Suddenly stopping your systemic treatment for psoriasis, severe sunburn, and infections among others can trigger this psoriasis type. Treatment for this type of psoriasis involves restoring the body’s normal temperature and fluid levels. Once the erythrodermic flare has passed and other symptoms subside, the doctor may recommend oral medication, biologics, or topical treatments to manage this type of psoriasis.
Up to 50% of people with psoriasis notice changes in their nails; nail psoriasis occurs in about 90% of people who have psoriatic arthritis (explained next). The common symptoms of this type of psoriasis include tenderness or painful nails, pitting of nails, nails spreading from the nail bed and yellow–brown appearance of the nails. People with nail psoriasis are more likely to get fungal infections. Treatment for this type of psoriasis may include topical ointments, intra lesion also steroids, phototherapy, biologics, and oral treatments.

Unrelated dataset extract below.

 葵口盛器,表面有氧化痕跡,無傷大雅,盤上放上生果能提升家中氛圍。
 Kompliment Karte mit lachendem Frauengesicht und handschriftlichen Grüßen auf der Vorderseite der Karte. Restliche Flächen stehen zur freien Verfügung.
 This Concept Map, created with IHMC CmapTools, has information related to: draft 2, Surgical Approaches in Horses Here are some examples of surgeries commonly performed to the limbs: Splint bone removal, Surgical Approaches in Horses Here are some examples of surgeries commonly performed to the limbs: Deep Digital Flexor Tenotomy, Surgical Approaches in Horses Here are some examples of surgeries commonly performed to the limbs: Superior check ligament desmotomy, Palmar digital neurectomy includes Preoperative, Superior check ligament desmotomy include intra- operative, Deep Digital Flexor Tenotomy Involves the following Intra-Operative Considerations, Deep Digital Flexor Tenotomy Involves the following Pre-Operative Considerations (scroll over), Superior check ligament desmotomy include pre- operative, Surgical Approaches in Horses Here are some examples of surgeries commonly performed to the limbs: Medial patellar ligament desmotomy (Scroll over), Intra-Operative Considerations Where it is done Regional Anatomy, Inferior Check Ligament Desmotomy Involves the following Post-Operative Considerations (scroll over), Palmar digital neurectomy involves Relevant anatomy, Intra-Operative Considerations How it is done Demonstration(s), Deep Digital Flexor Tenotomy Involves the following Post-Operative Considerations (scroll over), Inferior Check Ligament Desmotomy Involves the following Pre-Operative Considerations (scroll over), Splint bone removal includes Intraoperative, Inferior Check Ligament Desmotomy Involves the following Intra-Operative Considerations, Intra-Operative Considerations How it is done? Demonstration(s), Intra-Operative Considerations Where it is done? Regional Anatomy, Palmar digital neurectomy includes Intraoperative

Psoriatic arthritis causes joint pain and inflammation along with psoriasis. More than 80% of cases of psoriatic arthritis report to have had psoriasis for about an average of 12 years before getting this condition. Apart from the painful and stiff joints, people with psoriatic arthritis can also have sausage-like fingers and toes as well as warm joints that may be discoloured. The early diagnosis of this condition can help reduce join damage and manage the condition better.
How many types of psoriasis are there?
There are about seven types of psoriasis with additional sub-categorisation based on multiple factors.
a. Plaque psoriasis
b. Guttate psoriasis
c. Inverse psoriasis
d. Pustular psoriasis
e. Erythrodermic psoriasis
f. Nail psoriasis
g. Psoriatic arthritis
What is the most common type of psoriasis?
Plaque psoriasis affects about 80% of people with psoriasis. However, you can get affected by more than one type of psoriasis.
Which type of psoriasis can be cured?
There is no cure for psoriasis as it is a chronic condition, but most psoriasis types can be managed with topical ointments, oral medication, systemic medicines, and phototherapy.
Can you have different types of psoriasis at the same time?
Although uncommon, it is possible to have different forms of psoriasis affecting different parts of your body. For example, a patient can have nail psoriasis affecting their nails and plaque psoriasis on other parts of their body.